Oh Really now, he thought.

Rat was more than a bit surprised to see the group waiting for her in her locked office.  She didn’t bother to ask how they got in.

“Kindly don’t tell us that story again,” Ian asked her.

She didn’t, and Ian and Trevor didn’t ask additional questions they’d thought of, which she didn’t answer if she couldn’t.

She handed over the key, then printed the coordinates from the file on her qomputer.

They thanked her, and disappeared with a flash of light just as Rat’s door got kicked in.

“Hello, Rat,” Free Agent Münster said to her.  “We’re going to have a nice, long talk, and I think you know what about.”

The principle subject of that conversation had just materialized 270,000 parsecs away, on a medium-sized moon.  The rings of the gas giant they flew around were faintly visible in the blue atmosphere, as were three other moons.

They looked around to see what kind of a place they were in.  Penny’s response summed it up best.




[continue to next chapter]


[1] The winner, oddly enough was, Canasta/Moline Breweries of Alpha-Centauri, the real owners of the Anhauser-Bush and Duff breweries on Earth.
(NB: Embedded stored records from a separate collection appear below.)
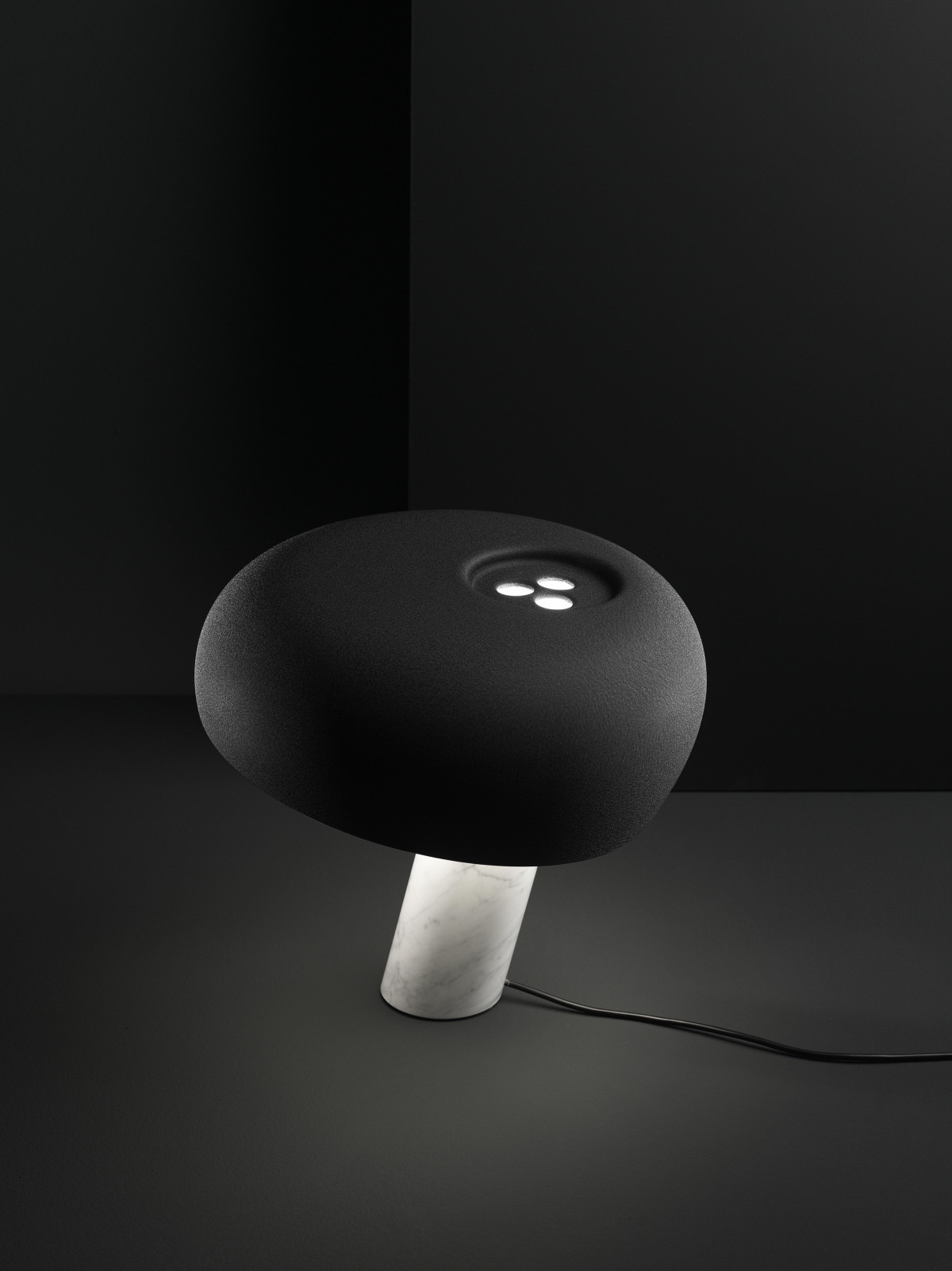 Restano invece identici tutti gli altri dettagli, come la base cilindrica in prezioso marmo bianco venato, obliqua rispetto al piano d’appoggio, su cui è fissato uno spesso disco di cristallo, e i tre fori di raffreddamento del riflettore che ricordano la presa di una palla da bowling.
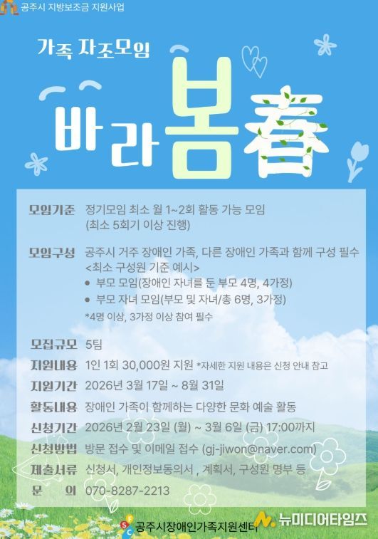 공주시 장애인가족지원센터는 2026년 장애인 가족을 위한 자조모임 프로그램 ‘바라봄(春)’을 운영하고 참여자를 모집한다고 밝혔다.
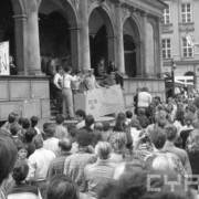 Happening "Kup Pan socjalizm" przed ratuszem na Starym Rynku
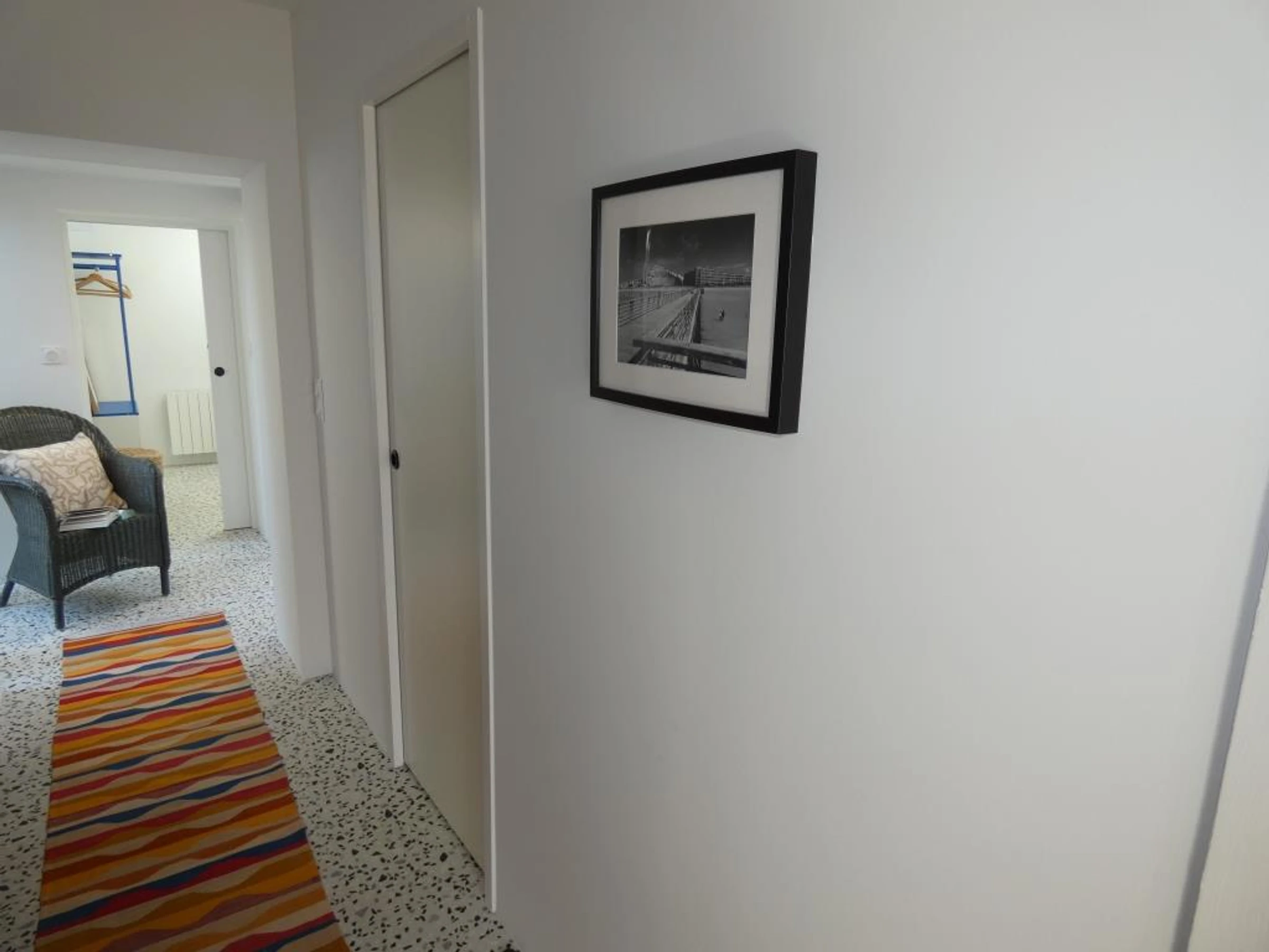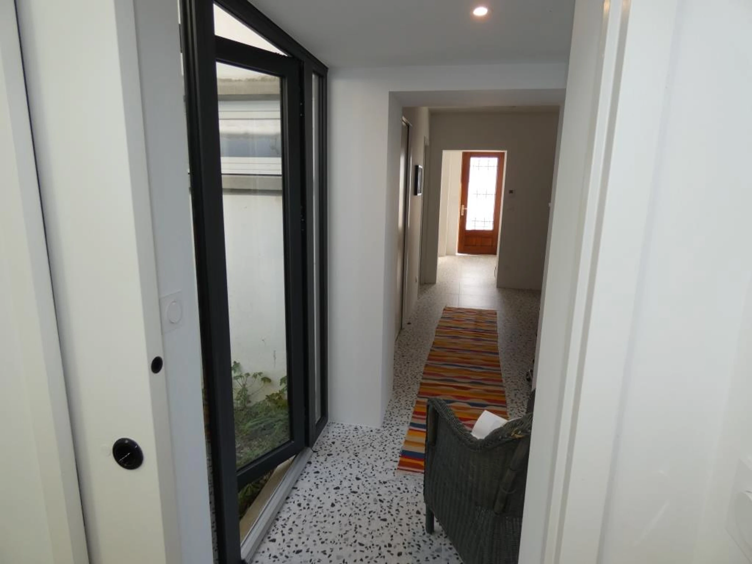 - Ein großer Flur mit einer ruhigen Ecke zum Lesen, die durch zwei Glastüren beleuchtet wird.

[2] It was, in fact, Gainesville Green, the pride crop of the University of Florida.  Its former owner was a freshman Gator spending the weekend at Disney World; he was high enough to think the Tiki Room was neat, but wanted to get obliterated for the Haunted House.  He ducked behind the Hall of Presidents to acquire that mind frame, and never knew what hit him.  He woke up half an hour later with a black eye and without his wallet, walkman, favourite Iron Maiden tape, and half ounce of bud.  These had passed into the possession of a Hamaddi universally known as Maggot.  Maggot hung around to pose for some photographs with kids, who assumed this to be a new—if somewhat stinky—costumed character.  He found one last victim to mug: a Gator Frat Rat with a thick wallet and nice watch.  Maggot decided five was the limit of his luck, so he hopped on his runner and warped to New Ra’Math to pawn some of the trinkets he had acquired.  Although Maggot was a slightly above average thief, he was a below-average junkie.  In the New Ra’Math orbiter, he went into the public men’s room to take a dump and smoke a joint in celebration of having sold his merchandise.  Corcey was the next person to walk in.  He smiled in recognition of the pungent reek in the air; imagine his surprise to sit down, reach for the toilet paper, and see a quarter ounce sitting on the dispenser.  Smiling, he pocketed it, then went out to join Trevor, Ian, Blade, and twenty shock troops in their little escapade.